Stitching together history one garment at a time

Representing the ethnic diversity, socio-culture of our community and promoting respect and understanding of diverse ethnic identities in the United States, the department of textiles, fashion merchandising and design is holding a historical exhibit on campus this week.

The exhibit, titled “The Kaleidoscope of Textiles: Dress as Multidimensional Cultural Documents,” is in Quinn Hall and will be open all week from 9 a.m. to 4 p.m. It was curated by Jessica Strübel, a professor specializing in the social psychology of dress and appearance, and seven students from her ethnic dress and textiles class from the fall semester.

Strübel’s class collaborated with adjunct professor Rebecca Kelly’s class, special problems in textile conservation, to make the event possible. Strübel and Kelly paired the two courses together so that in Strübel’s class, students were researching the artifacts, and in Kelly’s class, students were conserving artifacts and getting them ready to go into the exhibit space. 

Strübel said that when she first came to the University of Rhode Island, she was inspired by looking through URI’s Historic Textile and Costume Collection (HTCC), which has about 285 garments and artifacts from various ethnic groups.

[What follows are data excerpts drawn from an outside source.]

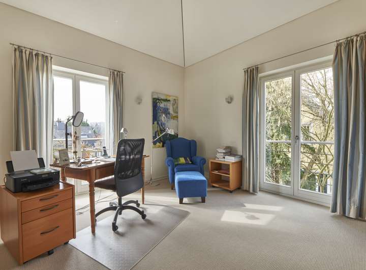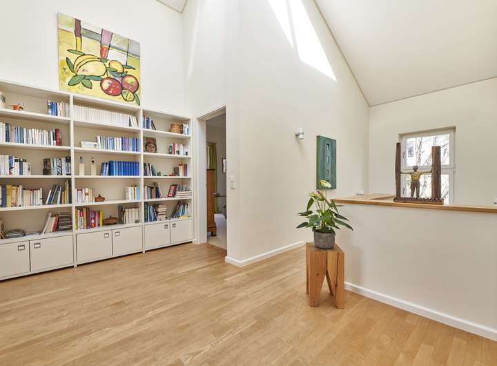 Das Wohnambiente ist modern und offen gestaltet, mit einer hochwertigen Bulthaup-/Gaggenau-Küche, die je nach Bedarf durch eine praktische Schiebetür abgetrennt werden kann. Das gesamte Raumkonzept schafft eine freundliche und einladende Atmosphäre, die der Familie viel Raum für gemeinsame Stunden bietet.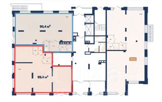 Есть возможность объединить это помещение с соседним помещением, площадью 90,4 кв.м, и получить бОльшее помещение, площадью 189,8 кв.м, с двумя входами, с мощностью 40 кВт.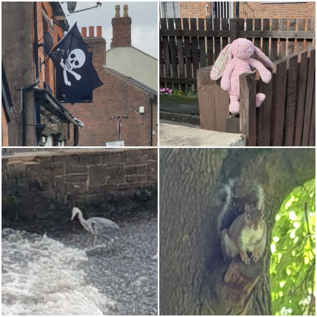 The Jolly Roger is still flying at The Crown for the boat race a couple of weeks ago. I hope the pink bunny is soon reunited with her child. The squirrel posed beautifully. The heron was in its usual spot and he seemed to be finding things to eat in the very low river.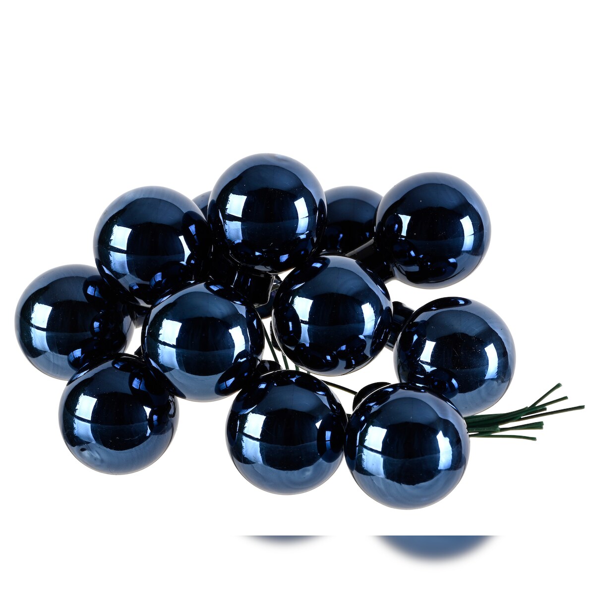 12 Weihnachtskugeln am Draht Glas 2cm mini Spiegelbeeren zum Basteln dunkelblau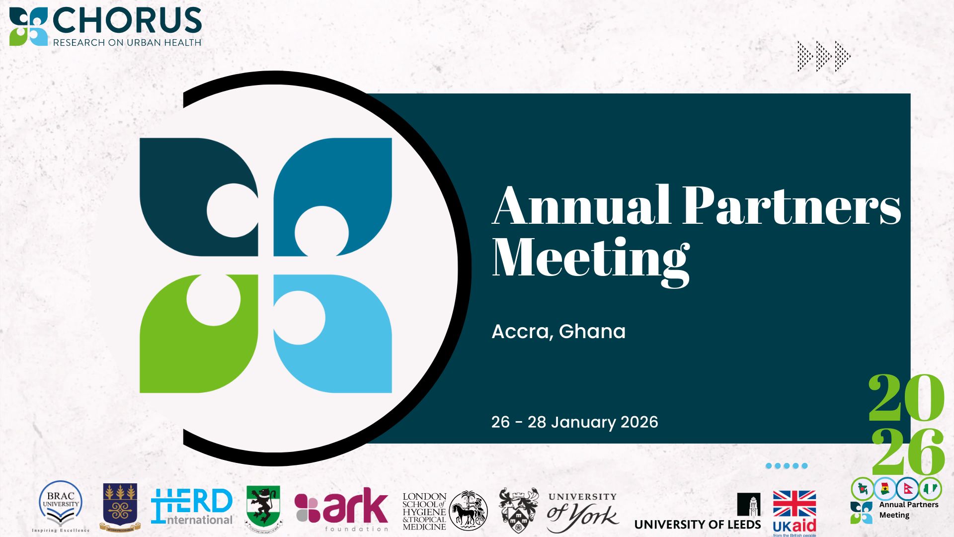 ARK Foundation is participating in the meeting as part of the CHORUS Urban Health Research Consortium, contributing to shared learning and collective action across diverse urban contexts.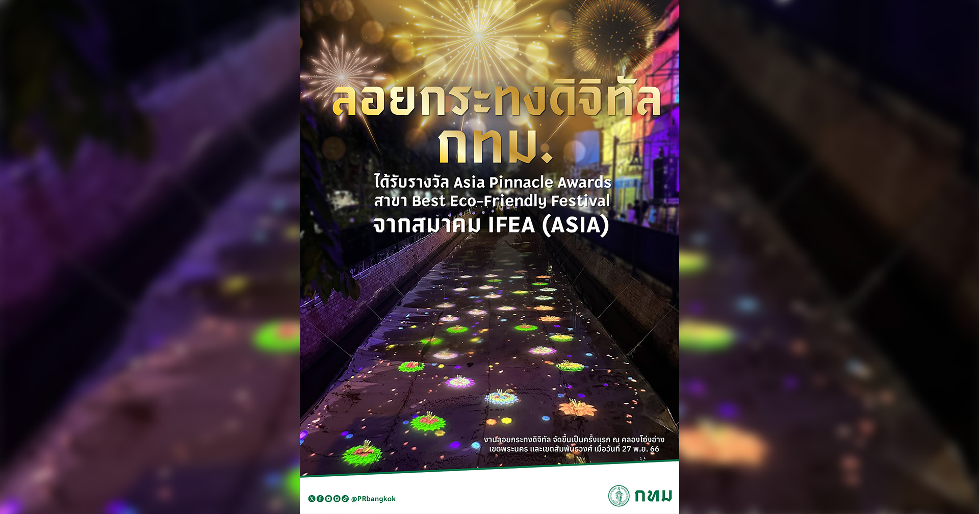 นายเอกวรัญญู อัมระปาล ผู้ช่วยเลขานุการผู้ว่าราชการกรุงเทพมหานคร และโฆษกของกรุงเทพมหานคร เปิดเผยว่า “งานลอยกระทงดิจิทัล กทม.” หรือ “Bangkok Digital Loy Krathong Festival” ซึ่งกรุงเทพมหานครจัดขึ้นเป็นครั้งแรก ณ คลองโอ่งอ่าง เขตพระนครและเขตสัมพันธวงศ์ เมื่อวันที่ 27 พ.ย. 66 ที่ผ่านมานั้น ได้ถูกคัดเลือกให้รับรางวัล Asia Pinnacle Awards สาขา Best Eco – Friendly Festival จากสมาคม IFEA (ASIA) หรือสมาคม The International Festivals and Events Association (สมาคมการจัดงานอีเวนท์และเทศกาลนานาชาติ) ซึ่งเป็นสมาคมที่ไม่แสวงหาผลกำไร ปัจจุบันมีสมาชิกจากทั่วโลกประมาณ 38 ประเทศ โดยแบ่งสมาชิกออกเป็น 7 ภูมิภาค คือ แอฟริกา เอเชีย ออสเตรเลียและนิวซีแลนด์ ยุโรป ลาตินอเมริกา ตะวันออกกลาง และอเมริกาเหนือ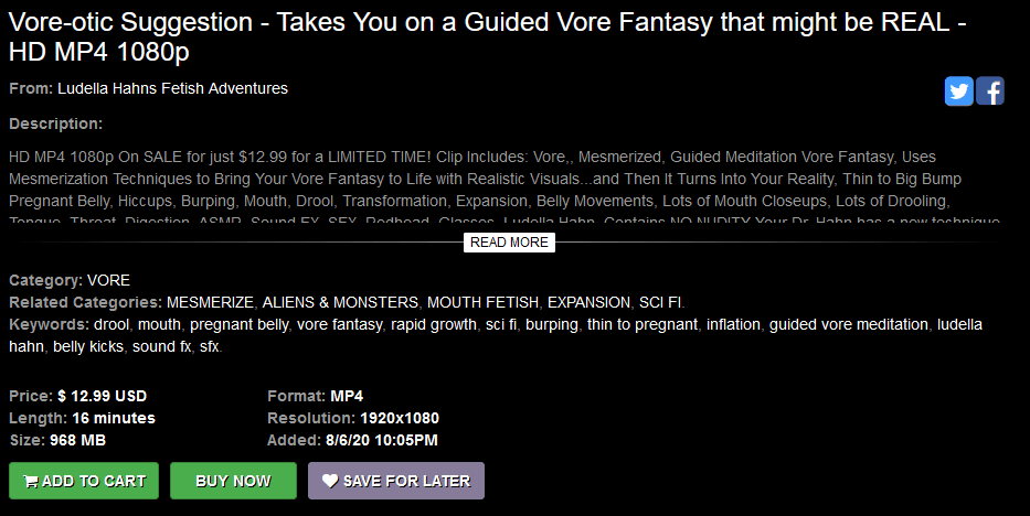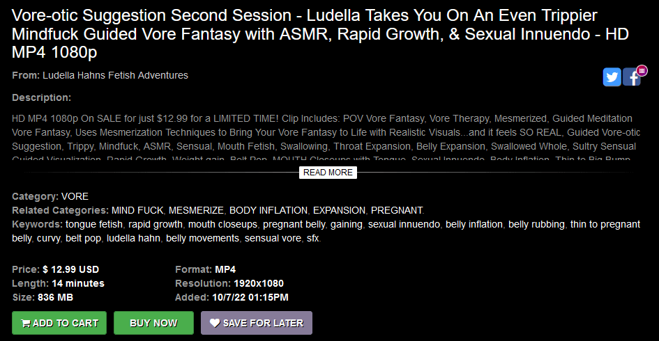 This holiday we’re going to examine a Ludella Hahn video which should be to your liking. “Vore-otic Suggestion Second Session” is a 14-minute long clip which was released on October 7th, 2022. This is a follow-up to the first Vore-otic Suggestion which came out in early August 2020. The description for the initial production can be seen below:

 “I had to come up with a project for the class, so the project turned into this thing of ‘Oh, we have these garments, these artifacts, that don’t have a lot of background information to them – this would be a perfect project for the graduate students to do where they have an artifact and they have to research it as a piece of material culture,’” Strübel said.

Strübel went into the collection, picked out artifacts and allowed students to choose which ones they wanted to research and conserve for the duration of the semester. 

“We tried to get pieces from a multiplicity of ethnic groups simply to reflect that they are actually a truer reflection of the United States; that we are not a purely white nation,” Strübel said. “We have a history of immigration in the United States and these different waves of immigration are simply a reflection of our ethnic landscape we have here in the U.S.”

Michelle Leung, a graduate student who worked on the project, helped to create a virtual experience for audiences unable to attend the exhibit in person due to COVID-19.

“Each of us selected one to two garments from URI’s [HTCC] that was under-researched or under-documented,” Leung said. “Through our work, we discovered both a richness in design and meanings in patterns of indigenous resistance to assimilation and the affirmation of ethnic and national identities through dress.” 

Students filled out a report to go into the database for the collection, looking at the material culture history and what it said about ethnic and cultural groups in the U.S. Some of these questions included: What does the material composition suggest about the particular culture? Why was the artifact produced? Who was wearing it? What was its function?

Students also explored whether owning or wearing the artifact revealed anything about the identity of the person wearing it. They looked into the history of these artifacts and where they originated from, how these artifacts were used in their cultures, if there was any information of the person that actually wore it and what the value placed on the garment by society was. 

“The whole point was that we need to focus on these glaring omissions, not only in curriculums but in the national discourse that we have about ethnicity and culture,” Strübel said. “We needed to have a focus on the true ethnic diversity that we do have because we are diverging away from this stereotypical white eurocentric construct of identity.”